Activist investor DOMA Perpetual Capital Management has launched a public campaign against Pacira BioSciences (PCRX), citing the stock’s 64% five-year decline and urging the company to explore a sale. DOMA, which holds a 7.5% stake in the drugmaker, nominated three directors to the board ahead of a shareholder vote.
"Why would shareholders vote to continue this unrelenting lack of total return?" DOMA asked in a public letter to Pacira shareholders, highlighting years of what it called "gross and persistent underperformance" while management collected tens of millions of dollars in compensation.
The activist laid out a series of negative returns, noting the stock has fallen 11% year-to-date, 28% since Frank Lee became CEO in January 2024, and 64% over the past five years. In contrast, DOMA stated its nominees would have a single guiding principle: "to do what is best for all of the Company's shareholders."
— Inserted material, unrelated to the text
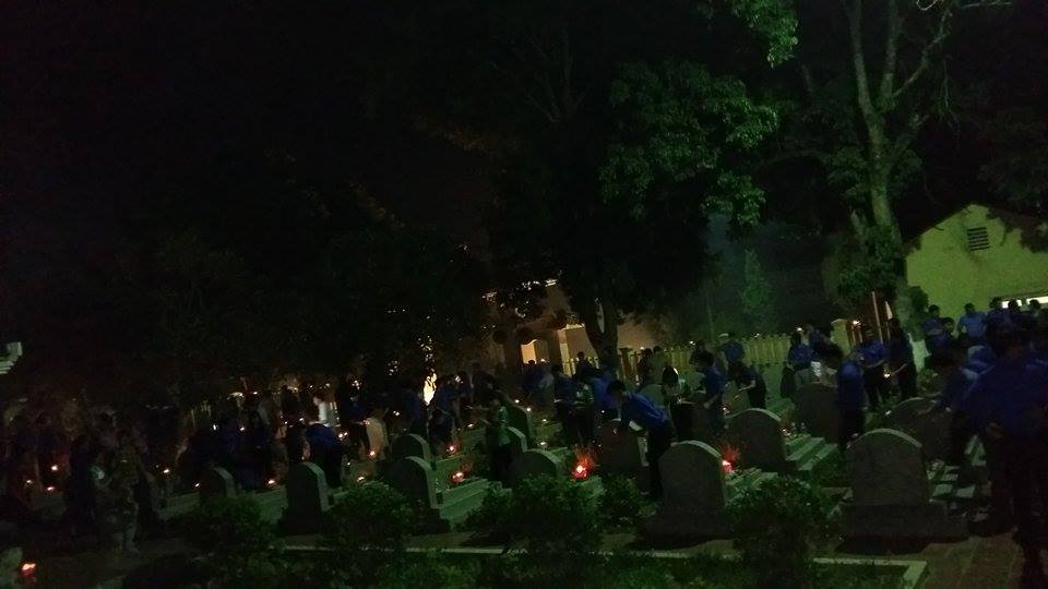Các đoàn viên thanh niên tham gia dâng hương và thắp nến tri ân tại nghĩa trang phường Duyên Hải, Tp Lào Cai
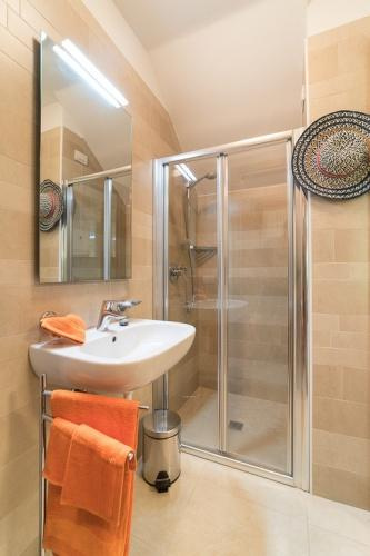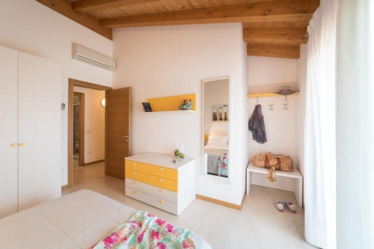 Apartmanok: C6: 4-6 fő részére 2 szinten; Földszinten: kert, fedett terasz grillel, nappali kétszemélyes kanapéval, főzősarok, fürdőszoba, tároló helyiség. Első emeleten: 1 szoba franciaággyal, 1 kétágyas szoba, fürdőszoba, terasz, fedett kültéri parkoló vagy garázs.

The dispute centers on Pacira's core asset, the non-opioid pain treatment EXPAREL, which accounts for over 80% of the company's business. DOMA argues the board has failed to manage the risk of patent challenges, calling the situation "gross negligence." The activist pointed to an August 2024 court decision that invalidated a key patent and a subsequent settlement that allows for generic entry, arguing the board is now betting the company's future on a new round of litigation without a contingency plan.
A Sale as the ‘Safest Path’
DOMA dismissed Pacira's "5x30 plan" as an "illogical and financially unsound strategy" that fails to address the immediate legal risks. Instead of pursuing what it calls "bet the farm" litigation, DOMA is pushing for a board-supervised process to explore strategic alternatives, including a sale. The fund argues a larger company with more resources could better defend EXPAREL's patents and expand its market reach.
The activist fund is seeking to install its three nominees—Christopher Dennis, MD, Oliver Benton "Ben" Curtis III, and Eric de Armas—at the company's annual meeting on June 9, 2026. In a letter, Dr. Dennis and Mr. Curtis defended their qualifications, arguing their respective experience in addiction medicine and regulatory law are directly relevant to Pacira's challenges. They pushed back on the board's characterization of their strategy as a "fire sale," stating a board's duty is to "test every credible path to value."
The escalating proxy battle creates significant uncertainty for investors. The outcome of the June 9 shareholder vote will determine whether Pacira continues with its current strategy under existing leadership or is forced to consider a sale as demanded by its activist shareholder.
This article is for informational purposes only and does not constitute investment advice.